Oscuro, en un hombre que dejó para el país una obra excepcional: “La visita eclesiástica”, testimonio de un recorrido suyo por la Isla, y quien fue un notable historiador, caritativo y gran impulsor de la enseñanza.
El libro contiene información obtenida en cuanto a Santa María del Puerto del Príncipe (hoy Camagüey, capital de la provincia homónima). Informaciones acerca de las iglesias y de la cantidad de sacerdotes, temas sociales, culturales, económicos y políticos, así como epidemias y ataques de corsarios; entre otras facetas que convierten al texto en un legado de extraordinario valor.
Morell falleció el 29 de noviembre de 1768 en La Habana y dejó un testamento asombroso, con presumibles trazas de escándalo y herejía.
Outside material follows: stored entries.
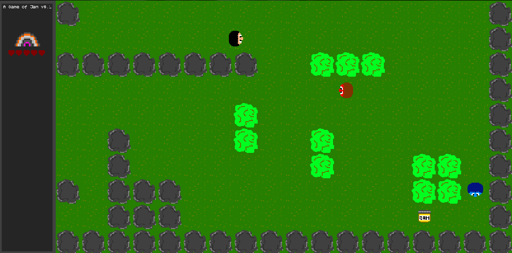 A Game of Jam is an action-adventure game where you play as an unnamed hero who has to defeat the evil Lord Evil.
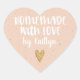 Um adesivo "caseiro com amor" personalizado com coração dourado num fundo cor-de-rosa em forma de coração. Faça-o seu adicionando seu próprio nome. Um toque bonito para todos os presentes de Dia de os namorados caseiro e outras ocasiões de doação de presente. Projetado para você pelo Blackberry Boulevard.
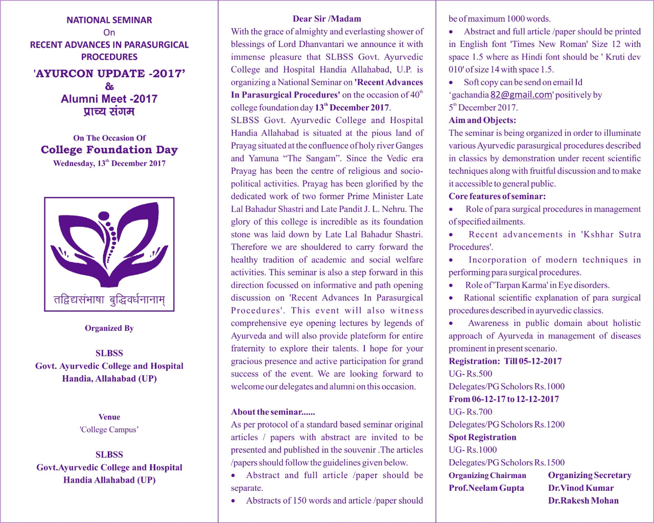 National Seminar on Recent Advances in Parasurgical Procedures 'AYURCON UPDATE - 2017', organized by Government Ayurvedic College and Hospital, Allahabad.
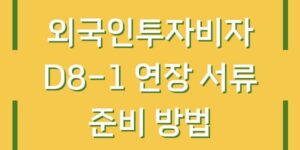 외국인투자비자 D8-1 비자는 한국에서 외국인이 직접 투자하여 사업을 운영할 수 있도록 허가하는 중요한 비자입니다. 이 비자를 소지하고 있는 외국인 투자자들은 투자 기간이 만료되기 전에 연장을 신청해야 하며, 연장 신청을 위해서는 …

Recurrió a una fórmula conocida y utilizada por quienes creían secretamente en la religión de los judíos (criptojudíos), pero opuestos a que algún signo suyo los delatara en la zozobra, durante la cercanía de la muerte.
Escritos de ese tipo tendía un velo a que determinadas expresiones verbales y conductas fueran interpretadas como sinónimos de las creencias espirituales judaicas, y así aún después de la muerte, se liberaban de la acusación de la herejía. Ese recurso no solo tenía un objetivo religioso, sino también económico, para evitar la confiscación de los bienes.
Las declaraciones testamentarias del prelado aluden, según la introducción escrita por César García del Pino para la publicación de “La visita eclesiástica”, realizada en 1985 por la Editorial de Ciencias Sociales, a un fragmento como este:
“(…) por lo cual, si alguna Persona nos hubiere oído algunas palabras, o nos hubiere visto algunas acciones contrarias, en todo o en parte, á lo que llevamos expresado queremos que no valgan, y que sólo se entienda, que entonces estaríamos sin juicio, sin dominio de nuestras potencias, y para mas bien desvanecer cualquiera sospecha, (…)”.
Otro elemento sospechoso expresado por el Obispo en el texto fue oponerse a que embalsamaran su cadáver, contrario a lo cual se hacía normalmente con los prelados, pero estaba prohibido en la religión judaica.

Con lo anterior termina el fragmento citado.